_What the task asks:_
Could you please transcribe the data exactly, without the pictures?

[Stored entries]
□ □ □
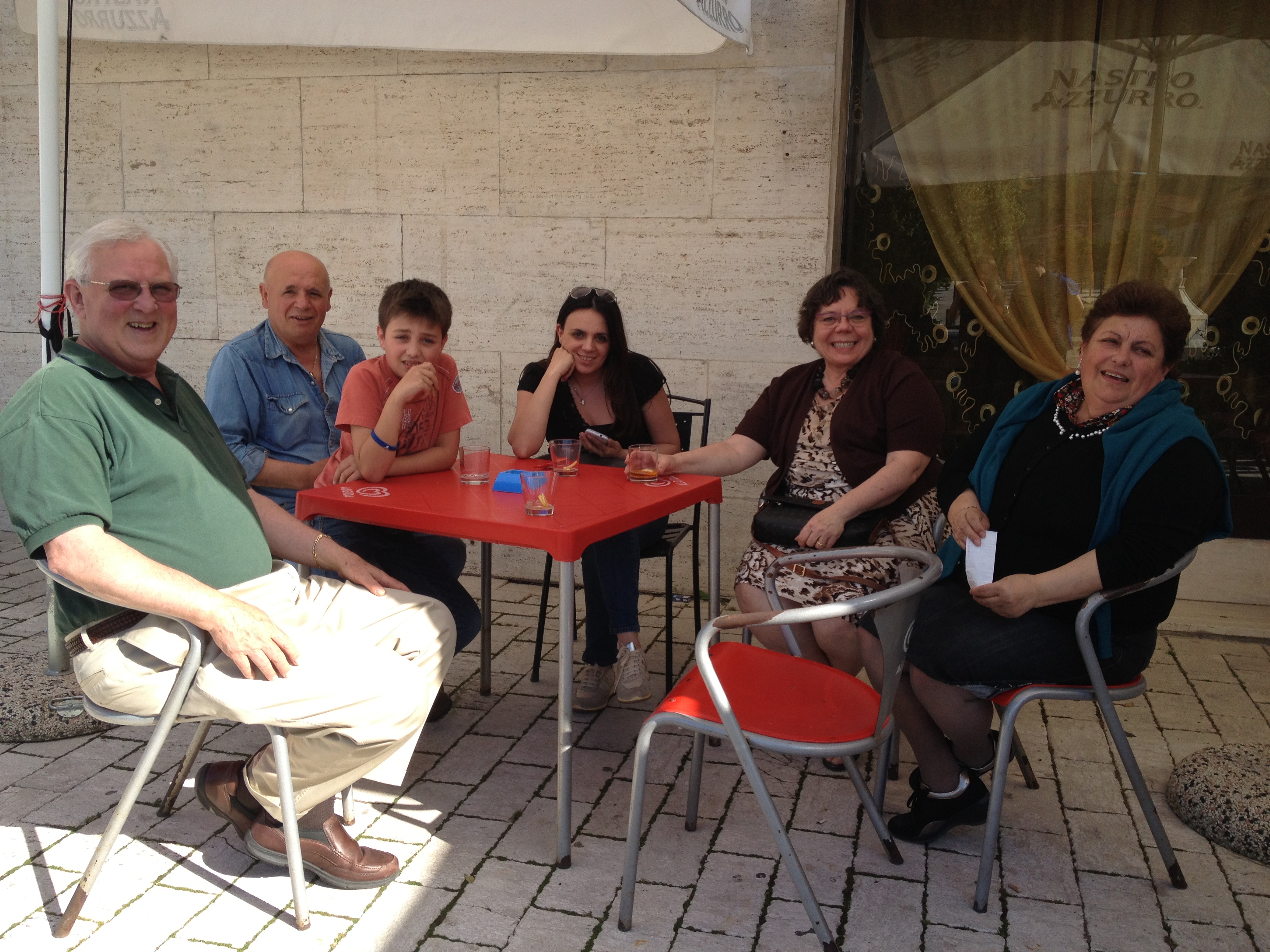 Our ace translator, information maven and all around great pal, Annarita Mancini, accompanied us to Bar Mixed Fantasy. Giuseppe, “Peppe”, Natale and his wife Antonella Lombardi are the owners of this local hot spot. Open from morning till – well morning, Bar Mixed Fantasy is one of the bars that locals use as a home away from home. Pontelandolfo has three bars and it seems like folks rotate between them but also have their favorite. Annarita tells us that young adults meet at Bar Mixed Fantasy before going out to dinner and discos. They often say they are just meeting for one drink but end up staying for a couple of hours. Why? Peppe and Antonella have great personalities and the thirty-somethings feel like they are hanging out with a neighbor – oh, they are. Another youngun told me, ” Peppe acts like one our friends and treats us like family.”
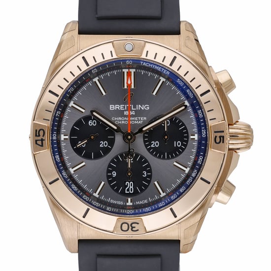 Experience the Breitling Chronomat B01 42 (RB0134), a distinguished 42mm gents chronograph crafted in 18ct rose gold and presented in excellent condition. Its grey chronograph dial sits beneath scratch‑resistant sapphire crystal, framed by a unidirectional rotating bezel, and driven by a precise automatic movement. Water resistant to 100M, this versatile piece blends sport performance with refined luxury, completed by a comfortable rubber strap and secure deployment clasp. Manufactured in 2021, it is supplied with its original box and papers, covered by a 2‑Year Warranty, and supported by our 14‑Day Return Policy with Next Day Delivery. BQ Ref: 52716.
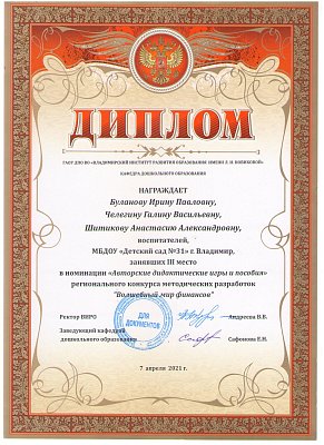 Воспитатели МБДОУ "Детский сад № 31" Буланова Ирина Павловна, Чилегина Галина Васильевна, Шитикова Анастасия Александровна заняли 3 место в региональном конкурсе методических разработок "Волшебный мир финансов" в номинации "Авторские дидактические игры и пособия".
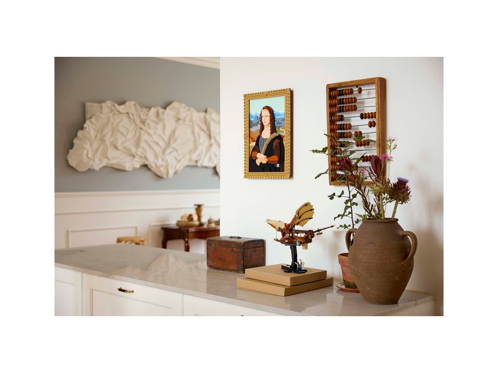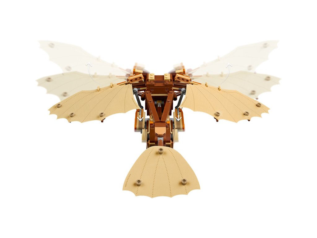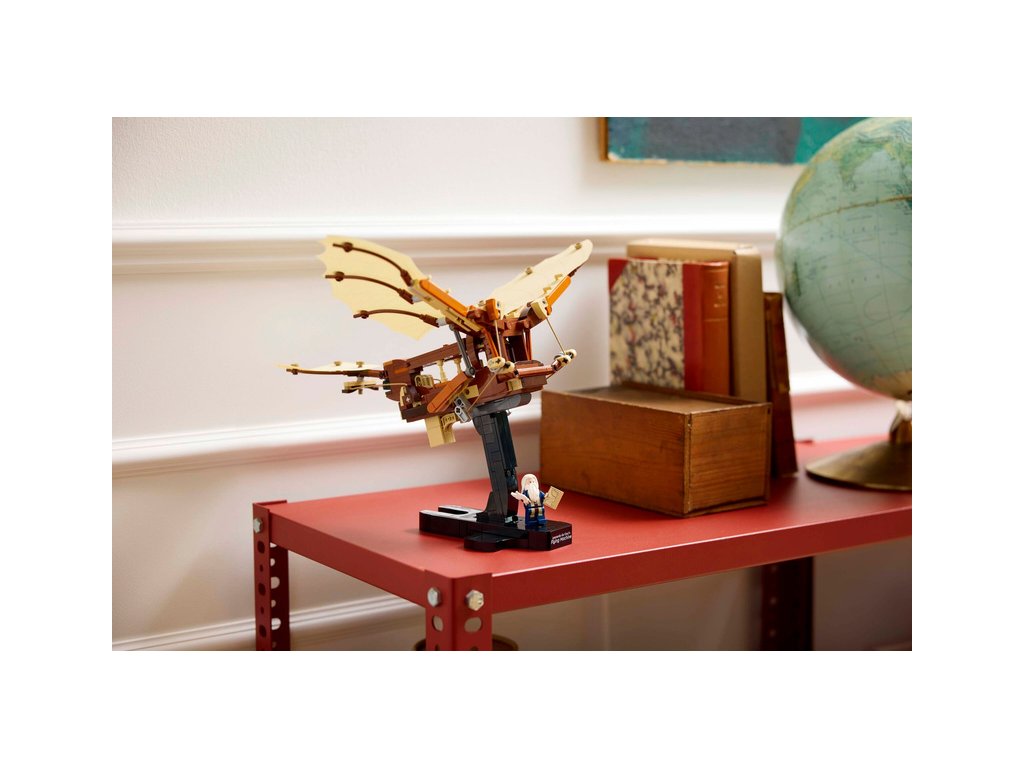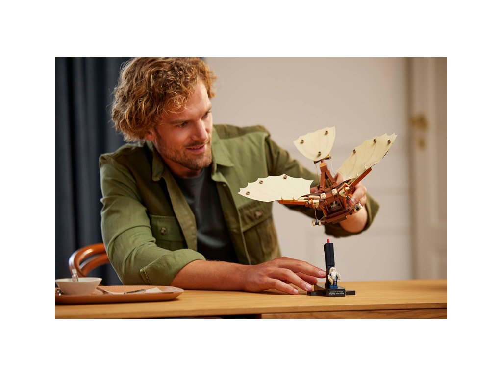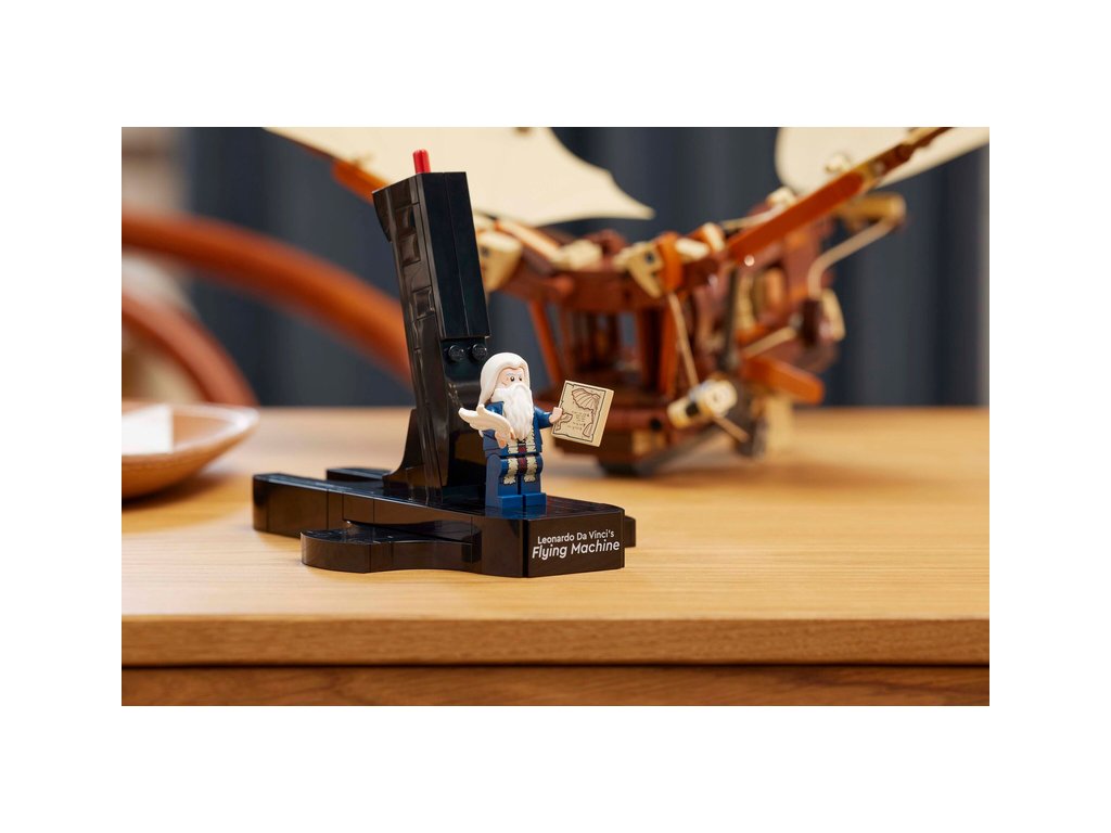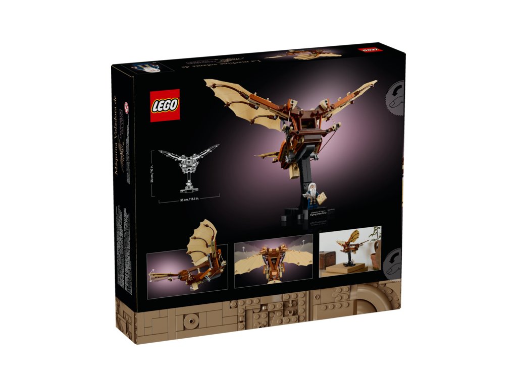 - Co najdete v krabici – Vše, co potřebujete k sestavení propracované verze LEGO da Vinciho vizionářské ornitoptéry, podstavec na vystavení a minifigurku Leonarda da Vinciho, která drží brk a skicu
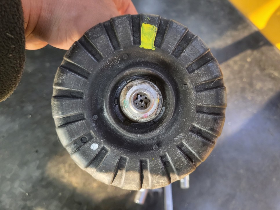 마운트 교체 후 유격, 소음 감소 마운트 교체 전 테스트한 것처럼 바퀴를 상하로 돌려보면 유격이 사라지고 움직이지 않는 것을 확인할 수 있습니다.
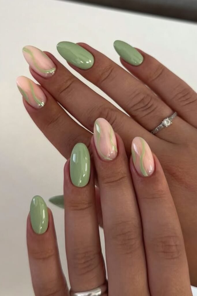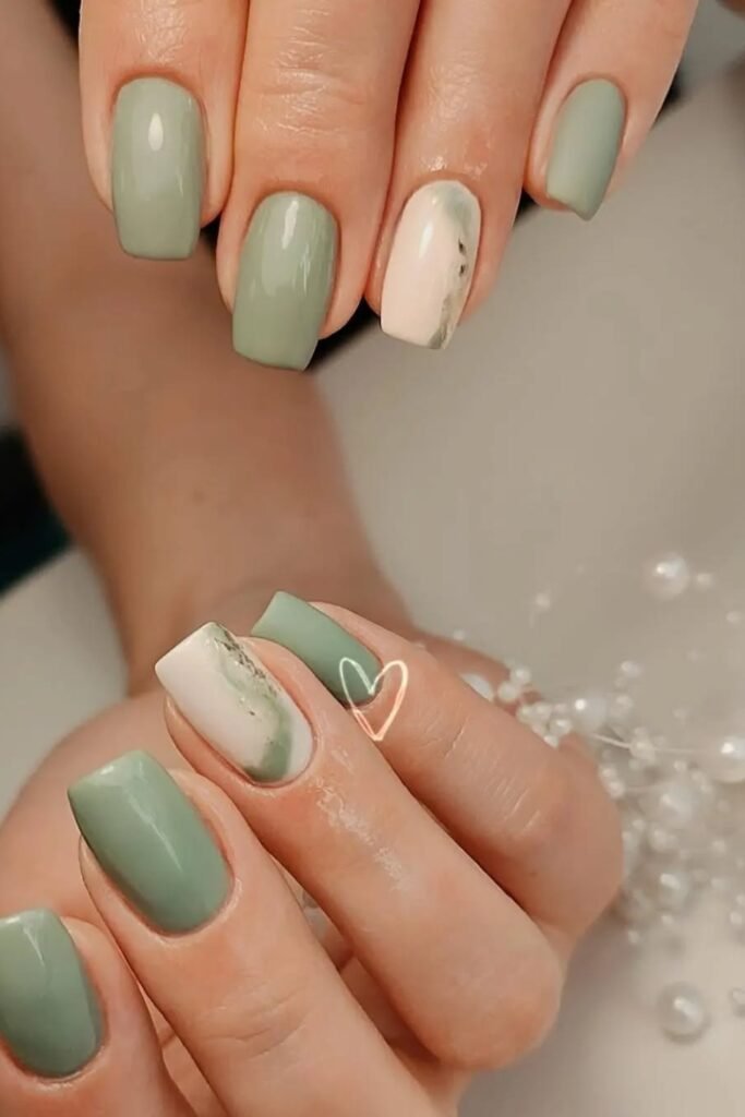You can pair the muted green with a creamy beige accent nail for a minimalist, luxurious vibe perfect for spring or everyday wear.
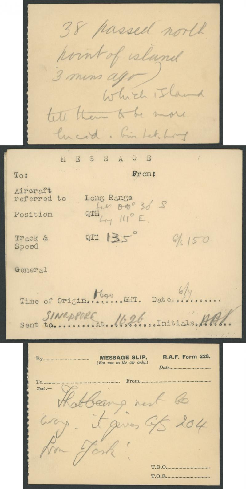 1938 Egypt-Australia Record Non-Stop Flight by Royal Air Force group of 52 messages passed between the crew members of Machine 80 and to/from Machines 38 & 39 mostly on 'Message Slip R.A.F. Form 228' cards or pre-typed message forms giving weather conditions, positions including in reference to Karachi & Singapore, etc, noted "Are we trying to dodge the storm?", "The sandwiches were bloody awful", and "38 passed north point of island 3 mins ago ... Which island tell them to be more lucid", also a few Air Mail etiquettes mostly British labels, condition a little variable but most are fine to very fine. Fascinating insight into on-board communications prior to radio.
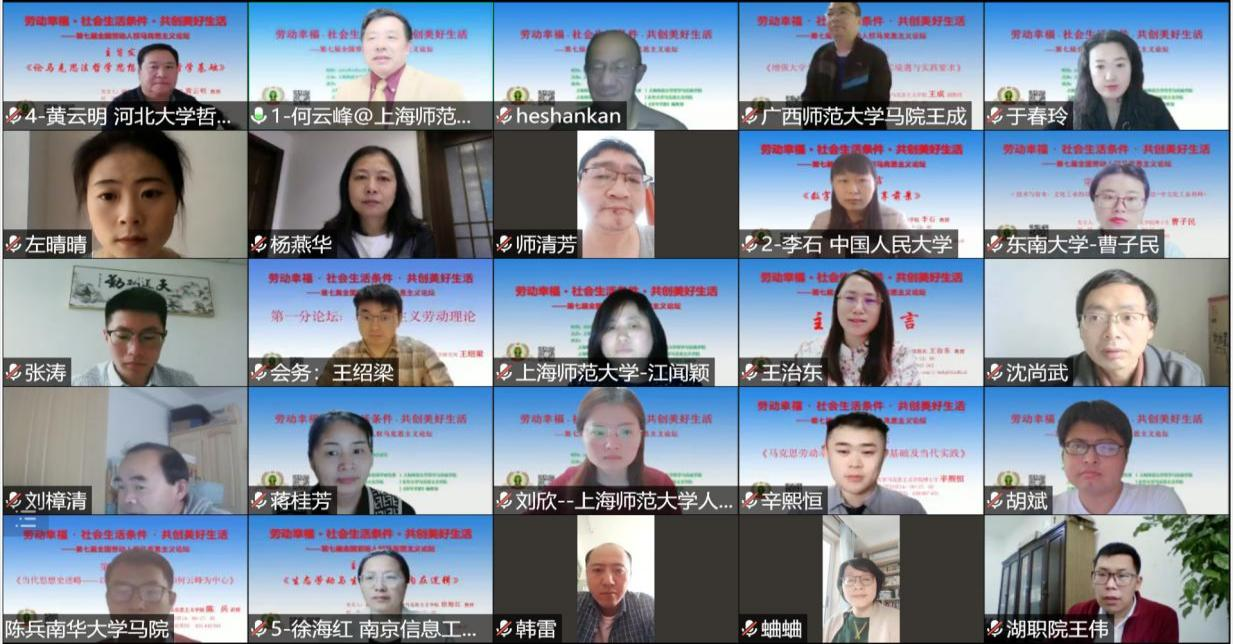 4月23日,由上海师范大学知识与价值科学研究所主办,yl8858永利集团、上海师范大学哲学与法政学院、上海师范大学yl8858永利集团、上海师范大学期刊社、《青年学报》编辑部等共同承办的“劳动幸福·社会生活条件·共创美好生活”——第七届全国劳动人权马克思主义论坛顺利举行。此次论坛在线上进行,来自全国各地400余名专家学者共聚“云端”。我院院长王治东教授与学院部分教师参会。
□ □ □
_Solved exercise:_
 Our ace translator, information maven and all around great pal, Annarita Mancini, accompanied us to Bar Mixed Fantasy. Giuseppe, “Peppe”, Natale and his wife Antonella Lombardi are the owners of this local hot spot. Open from morning till – well morning, Bar Mixed Fantasy is one of the bars that locals use as a home away from home. Pontelandolfo has three bars and it seems like folks rotate between them but also have their favorite. Annarita tells us that young adults meet at Bar Mixed Fantasy before going out to dinner and discos. They often say they are just meeting for one drink but end up staying for a couple of hours. Why? Peppe and Antonella have great personalities and the thirty-somethings feel like they are hanging out with a neighbor – oh, they are. Another youngun told me, ” Peppe acts like one our friends and treats us like family.”
 Experience the Breitling Chronomat B01 42 (RB0134), a distinguished 42mm gents chronograph crafted in 18ct rose gold and presented in excellent condition. Its grey chronograph dial sits beneath scratch‑resistant sapphire crystal, framed by a unidirectional rotating bezel, and driven by a precise automatic movement. Water resistant to 100M, this versatile piece blends sport performance with refined luxury, completed by a comfortable rubber strap and secure deployment clasp. Manufactured in 2021, it is supplied with its original box and papers, covered by a 2‑Year Warranty, and supported by our 14‑Day Return Policy with Next Day Delivery. BQ Ref: 52716.
 Воспитатели МБДОУ "Детский сад № 31" Буланова Ирина Павловна, Чилегина Галина Васильевна, Шитикова Анастасия Александровна заняли 3 место в региональном конкурсе методических разработок "Волшебный мир финансов" в номинации "Авторские дидактические игры и пособия".
 - Co najdete v krabici – Vše, co potřebujete k sestavení propracované verze LEGO da Vinciho vizionářské ornitoptéry, podstavec na vystavení a minifigurku Leonarda da Vinciho, která drží brk a skicu
 마운트 교체 후 유격, 소음 감소 마운트 교체 전 테스트한 것처럼 바퀴를 상하로 돌려보면 유격이 사라지고 움직이지 않는 것을 확인할 수 있습니다.
You can pair the muted green with a creamy beige accent nail for a minimalist, luxurious vibe perfect for spring or everyday wear.
 1938 Egypt-Australia Record Non-Stop Flight by Royal Air Force group of 52 messages passed between the crew members of Machine 80 and to/from Machines 38 & 39 mostly on 'Message Slip R.A.F. Form 228' cards or pre-typed message forms giving weather conditions, positions including in reference to Karachi & Singapore, etc, noted "Are we trying to dodge the storm?", "The sandwiches were bloody awful", and "38 passed north point of island 3 mins ago ... Which island tell them to be more lucid", also a few Air Mail etiquettes mostly British labels, condition a little variable but most are fine to very fine. Fascinating insight into on-board communications prior to radio.
 4月23日,由上海师范大学知识与价值科学研究所主办,yl8858永利集团、上海师范大学哲学与法政学院、上海师范大学yl8858永利集团、上海师范大学期刊社、《青年学报》编辑部等共同承办的“劳动幸福·社会生活条件·共创美好生活”——第七届全国劳动人权马克思主义论坛顺利举行。此次论坛在线上进行,来自全国各地400余名专家学者共聚“云端”。我院院长王治东教授与学院部分教师参会。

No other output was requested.